# The Power of Suggestion



## bullethead (Mar 2, 2013)

Here is an article from a local paper. There is a C O P Y of The Shroud of Turin making it's rounds and it is interesting and scary to hear the people's comments about what they "feel" when they are near it.
Folks this is a COPY of an item where the original item has been proven to be a forgery. 



> http://www.tnonline.com/2013/feb/26/sacred-fibers
> Sacred fibers
> Tuesday, February 26, 2013
> 
> ...


----------



## Artfuldodger (Mar 2, 2013)

Maybe it's the power of God. If it draws people closer to him why does in matter that it's a copy? "The Moving Wall" is the half-size replica of the Washington, DC Vietnam Veterans Memorial and it gives people special feelings when they are near it. When you visit someones grave, you might even talk to them, even though their soul isn't there or isn't able to hear you. It still gives comfort.
The Holy Spirit can enter any object it wants to. It could be compared to a Church. It's just a building, but when filled with the Spirits of believers and the Holy Spirit, it becomes a special place.


----------



## bullethead (Mar 2, 2013)

Artfuldodger said:


> Maybe it's the power of God. If it draws people closer to him why does in matter that it's a copy? "The Moving Wall" is the half-size replica of the Washington, DC Vietnam Veterans Memorial and it gives people special feelings when they are near it. When you visit someones grave, you might even talk to them, even though their soul isn't there or isn't able to hear you. It still gives comfort.
> The Holy Spirit can enter any object it wants to. It could be compared to a Church. It's just a building, but when filled with the Spirits of believers and the Holy Spirit, it becomes a special place.

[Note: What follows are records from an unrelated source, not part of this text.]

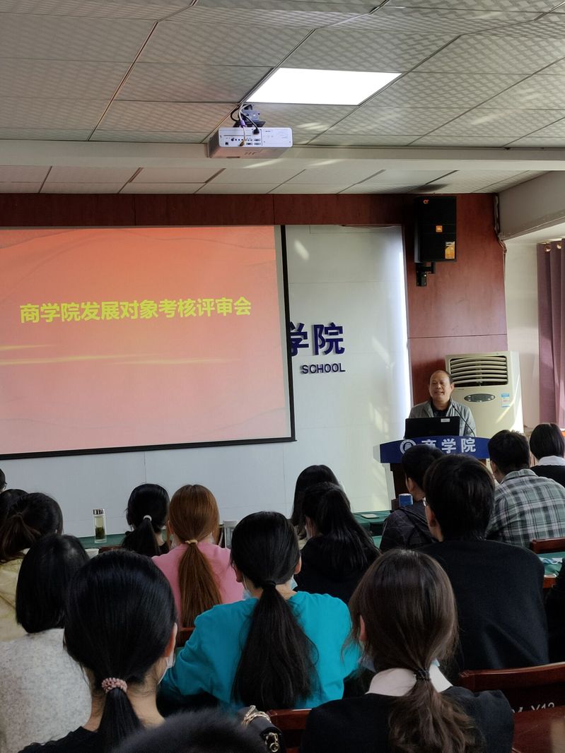 会议伊始,高可欣首先强调了与会纪律,并简要介绍了此次会议的流程。紧接着院党委副书记袁建明从政治觉悟、入党动机和发展过程这三个方面进行讲述,并激励各位入党积极分子提高认识,深刻从思想上剖析自我,不断学习,更新自己的知识储备。然后,组织员阙庆喜讲解了党员的初心和使命,勉励发展对象们无论何时,都要保持初心不变,在不断的发展中,为党和国家的事业奉献自己的一份力量。随后,评审正式开始,共计57名符合发展条件的入党积极分子,作为拟发展对象依次在讲台上发言。他们从入党动机、思想动态、学习工作、社会实践和志愿服务等方面进行了介绍。最后,院党委副书记袁建明做了总结性发言,强调不论发展结果如何,希望大家能够“不忘初心,牢记使命”。励志学习,不断提高自身能力,坚持下去,最终一定会成功实现目标。会议结束,结合57人的思想表现、政治素质、现实表现等三个方面的量化考核,经确定发展对象工作领导小组讨论决定,共有28人被确定为本批次发展对象。
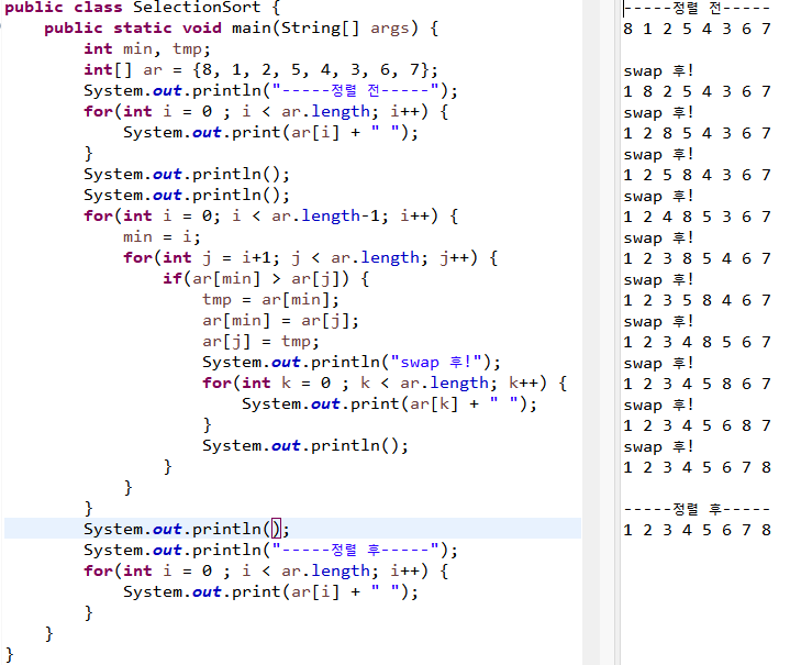 2) 가장 작은 값을 찾으면 그 값을 현재 인덱스의 값과 바꿔준다.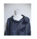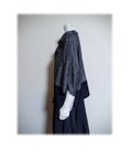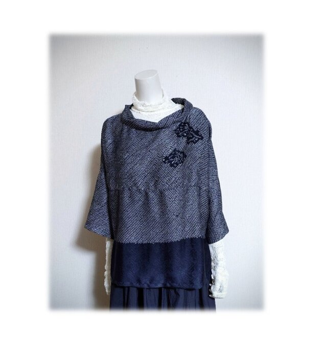 黒の総絞り羽織をリメイクした、ねじったタートルネックの
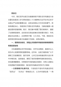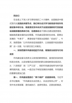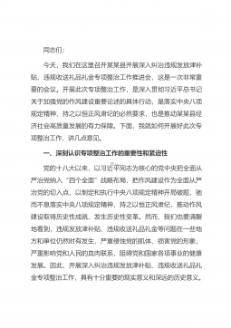 同志们:今天,我们在这里召开某某县开展深入纠治违规发放津补贴、违规收送礼品礼金专项整治工作推进会,这是一次非常重要的会议。开展此次专项整治工作,是深入贯彻习近平总书记关于加强党的作风建设重要论述的具体行动,是落实中央八项规定精神、持之以恒正风肃纪的必然要求,也是推动某某县经济社会高质量发展的有力保障。下面,我就如何开展好此次专项整治工作,讲几点意见。一、深刻认识专项整治工作的重要性和紧迫性党的十八大以来,以习近平同志为核心的党中央把全面从严治党纳入“四个全面”战略布局,把作风建设作为全面从严治党的切入点,以制定和执行中央八项规定精神开局破题,驰而不息落实中央八项规定精神,持之以恒正风肃纪,推动...
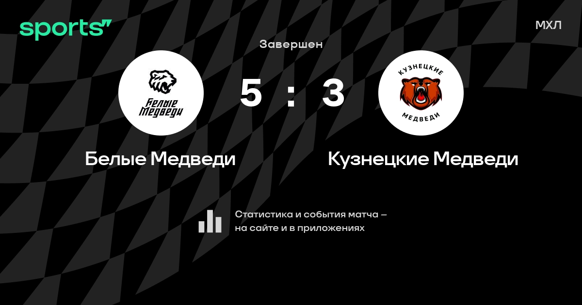 В прошедшем матче в рамках турнира МХЛ состоялась встреча команд Белые Медведи - Кузнецкие Медведи со счетом 5 : 3.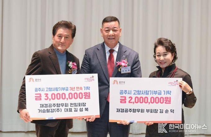 20일 공주시에 따르면, 김순덕 재경공주향우회 상임부회장과 김성복 전임 회장은 각각 200만 원과 300만 원을 기부하며 고향 발전에 대한 뜻을 보탰다.

Maybe it is not the power of God. When you introduce "maybe" into the mix it literally could be anything.


----------



## mtnwoman (Mar 3, 2013)

bullethead said:


> Maybe it is not the power of God. When you introduce "maybe" into the mix it literally could be anything.



MrSnippit...


----------



## mtnwoman (Mar 3, 2013)

Artfuldodger said:


> Maybe it's the power of God. If it draws people closer to him why does in matter that it's a copy? "The Moving Wall" is the half-size replica of the Washington, DC Vietnam Veterans Memorial and it gives people special feelings when they are near it. When you visit someones grave, you might even talk to them, even though their soul isn't there or isn't able to hear you. It still gives comfort.
> The Holy Spirit can enter any object it wants to. It could be compared to a Church. It's just a building, but when filled with the Spirits of believers and the Holy Spirit, it becomes a special place.



My first husband was in VN and it made him looney tunes. Even though he didn't 'physically die in vietnam, 5 yrs later he 'accidentally' shot himself in the head on a hunting trip... that vn vets memorial makes me cry. I wasn't even in VN but I've seen the after effects, and with many of my high school friends named on that wall, it still breaks my heart. We had only one HS in Asheville. My hope and faith lies in seeing them again.

Not sure about the shroud whether it's real or not, but yet I don't wear the original wooden cross but the silver cross around my neck is symbolic to me. I know where you're coming from. No matter what you would've posted....ya know?


----------



## ted_BSR (Mar 8, 2013)

I don't think God really cares about Holy relics.


----------



## bullethead (Mar 8, 2013)

ted_BSR said:


> I don't think God really cares about Holy relics.



Or much else either


----------



## ted_BSR (Mar 8, 2013)

bullethead said:


> Or much else either



That is not what I said. I have my wife to finish my sentences for me, don't need you!


----------



## bullethead (Mar 8, 2013)

ted_BSR said:


> That is not what I said. I have my wife to finish my sentences for me, don't need you!



It is what I said. I added my thoughts to the thread.


----------